===== Input records

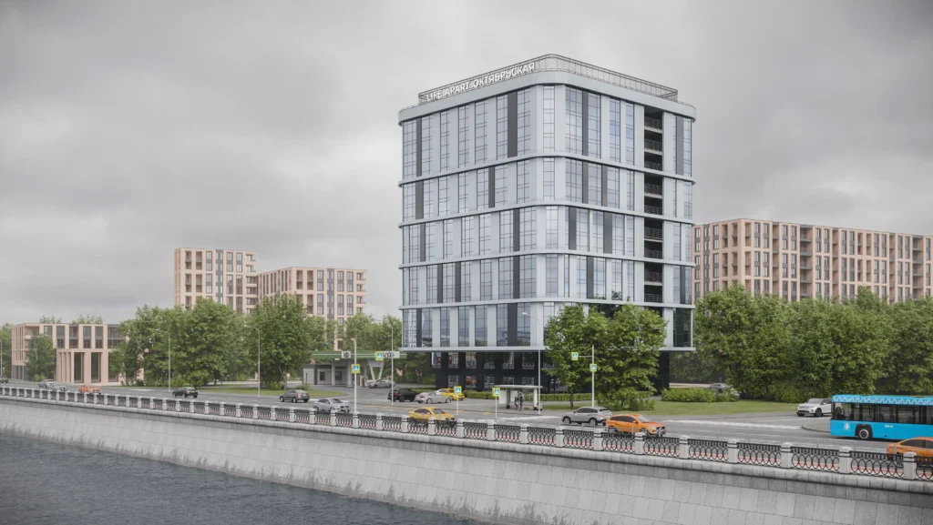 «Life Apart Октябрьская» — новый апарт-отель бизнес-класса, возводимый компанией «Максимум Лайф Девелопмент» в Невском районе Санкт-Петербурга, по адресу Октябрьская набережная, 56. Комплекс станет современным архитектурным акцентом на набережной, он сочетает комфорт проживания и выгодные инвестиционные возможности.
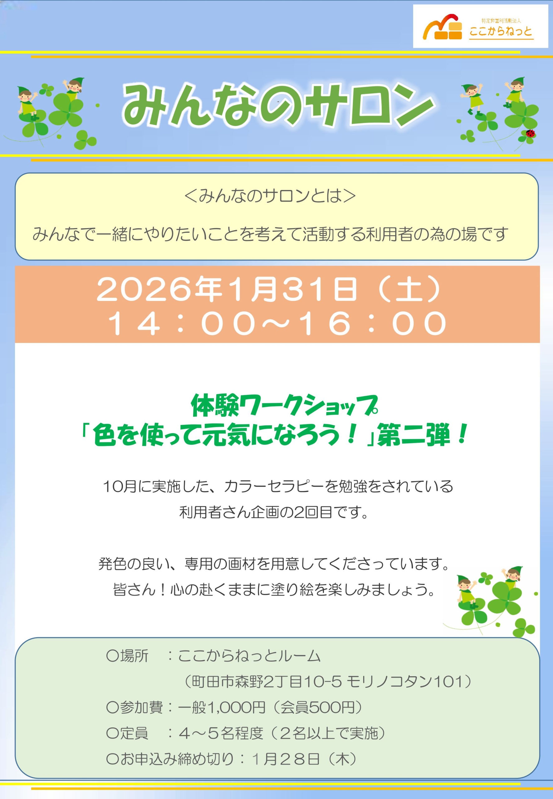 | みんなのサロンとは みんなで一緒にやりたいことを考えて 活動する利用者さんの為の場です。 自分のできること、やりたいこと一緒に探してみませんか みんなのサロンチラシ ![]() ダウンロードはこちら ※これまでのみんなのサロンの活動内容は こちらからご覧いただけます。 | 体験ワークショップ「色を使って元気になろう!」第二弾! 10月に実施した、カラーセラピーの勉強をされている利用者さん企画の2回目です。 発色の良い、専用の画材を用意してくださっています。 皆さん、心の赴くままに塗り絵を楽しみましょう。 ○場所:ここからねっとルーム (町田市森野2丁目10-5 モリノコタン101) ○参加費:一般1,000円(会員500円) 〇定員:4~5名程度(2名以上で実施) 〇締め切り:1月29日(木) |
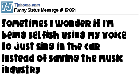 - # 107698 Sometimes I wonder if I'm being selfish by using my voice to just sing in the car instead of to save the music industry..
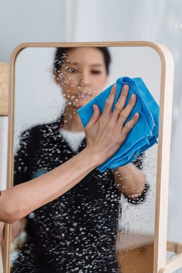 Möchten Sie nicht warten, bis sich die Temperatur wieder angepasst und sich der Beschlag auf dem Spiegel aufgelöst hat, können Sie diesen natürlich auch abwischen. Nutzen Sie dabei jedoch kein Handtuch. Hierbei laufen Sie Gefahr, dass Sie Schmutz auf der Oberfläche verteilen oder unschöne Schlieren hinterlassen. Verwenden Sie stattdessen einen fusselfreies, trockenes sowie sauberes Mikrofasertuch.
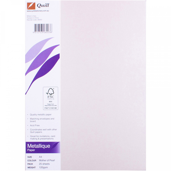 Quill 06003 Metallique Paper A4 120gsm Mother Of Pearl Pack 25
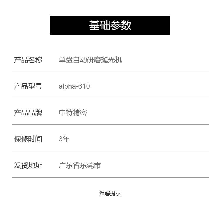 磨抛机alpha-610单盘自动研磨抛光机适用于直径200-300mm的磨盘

==========

* **Activity**
Reproduce the listing exactly. Leave its pictures out.

* **Solution**
 «Life Apart Октябрьская» — новый апарт-отель бизнес-класса, возводимый компанией «Максимум Лайф Девелопмент» в Невском районе Санкт-Петербурга, по адресу Октябрьская набережная, 56. Комплекс станет современным архитектурным акцентом на набережной, он сочетает комфорт проживания и выгодные инвестиционные возможности.
 | みんなのサロンとは みんなで一緒にやりたいことを考えて 活動する利用者さんの為の場です。 自分のできること、やりたいこと一緒に探してみませんか みんなのサロンチラシ ![]() ダウンロードはこちら ※これまでのみんなのサロンの活動内容は こちらからご覧いただけます。 | 体験ワークショップ「色を使って元気になろう!」第二弾! 10月に実施した、カラーセラピーの勉強をされている利用者さん企画の2回目です。 発色の良い、専用の画材を用意してくださっています。 皆さん、心の赴くままに塗り絵を楽しみましょう。 ○場所:ここからねっとルーム (町田市森野2丁目10-5 モリノコタン101) ○参加費:一般1,000円(会員500円) 〇定員:4~5名程度(2名以上で実施) 〇締め切り:1月29日(木) |
 - # 107698 Sometimes I wonder if I'm being selfish by using my voice to just sing in the car instead of to save the music industry..
 Möchten Sie nicht warten, bis sich die Temperatur wieder angepasst und sich der Beschlag auf dem Spiegel aufgelöst hat, können Sie diesen natürlich auch abwischen. Nutzen Sie dabei jedoch kein Handtuch. Hierbei laufen Sie Gefahr, dass Sie Schmutz auf der Oberfläche verteilen oder unschöne Schlieren hinterlassen. Verwenden Sie stattdessen einen fusselfreies, trockenes sowie sauberes Mikrofasertuch.
 Quill 06003 Metallique Paper A4 120gsm Mother Of Pearl Pack 25
 磨抛机alpha-610单盘自动研磨抛光机适用于直径200-300mm的磨盘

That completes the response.